A video posted to social media appears to show caregivers taunting a 91-year-old woman in an Illinois nursing home. In response, her family is suing the facility and two of its former employees.
Margaret Collins, who has dementia, does not like hospital gowns and prefers to wear her own clothes, according to a lawsuit filed in Cook County Circuit Court on Wednesday. That’s why she appears so troubled in the video, as a worker continually places the gown on her, and she swings her arms to push it away from her bed.
The workers, who the lawsuit alleges knew Collins did not like the gowns, attempted to make her wear the gown and “used their position of power and influence to harass, taunt, bully, degrade and take advantage of Margaret.”

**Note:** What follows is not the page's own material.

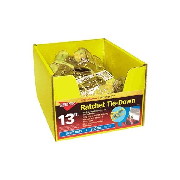 Keeper, 13' Endless Ratchet Tie Down, 400 LB Working Load Limit, 1,200 LB Break Strength, Ideal For Auto SUV Roof Racks, Free End Is Fed Back Through The Ratchet Then Tightened To Create An Endless Looped Tie Down

The interaction was recorded and posted on Snapchat with the caption “Margaret hates gowns!” along with the laughing-crying emoji in December 2018, according to the lawsuit. A former employee of the Abington of Glenview Nursing Home saw the video and shared it with Collins’s family, according to the family’s attorney, Margaret Battersby Black. Collins has since been moved to a different facility.
“As it sunk in, I do have to admit, I was starting to feel a bit of almost rage that somebody that we trusted to take care of our mom, that we thought she was absolutely safe and in a good place, was taking advantage of her.”
The Abington did not immediately respond to a request from The Washington Post for comment.
Caregivers Brayan Cortez and Jamie Montesa, named as defendants in the suit, were charged Jan. 8 with disorderly conduct, according to police reports. They were placed on a six-day suspension but were fired after they were charged, according to Battersby Black.
Cortez told police that he and Collins had an inside joke about her not wanting to wear a hospital gown and did not know Montesa was recording the video, according to police records. Montesa told police that she thought the interaction made Collins uncomfortable and that she had filmed it without Collins’s knowledge or permission.
“They were supposed to be caring for her,” Collins’s son, Tom, said in a statement, “but instead they frightened her and wanted to embarrass her.”
Cortez and Montesa could not immediately be reached for comment.
Collins began “suffering from nightmares” after the incident, the lawsuit alleges, and needed a full-time caregiver at night.
The Illinois Department of Public Health cited the Abington of Glenview for a failure to implement its own abuse prevention policy with regard to Collins, the lawsuit said.
According to a local news station, administrators from the nursing home said in a statement that “the privacy and dignity of our residents are of the utmost concern at The Abington. Recently, two employees were immediately terminated when it was determined that they violated our standards and policies.”
Biebel said that it was challenging to move Collins to a different facility and that the incident has had a lasting negative effect on her.
“My mom is a frail, small, kindhearted person,” Biebel said. “It just seems so unbelievable that this could happen to her.”
Battersby Black said that part of the family’s concern surrounds what else might have gone on in the facility and that Collins’s loved ones hope the lawsuit will bring more information to light.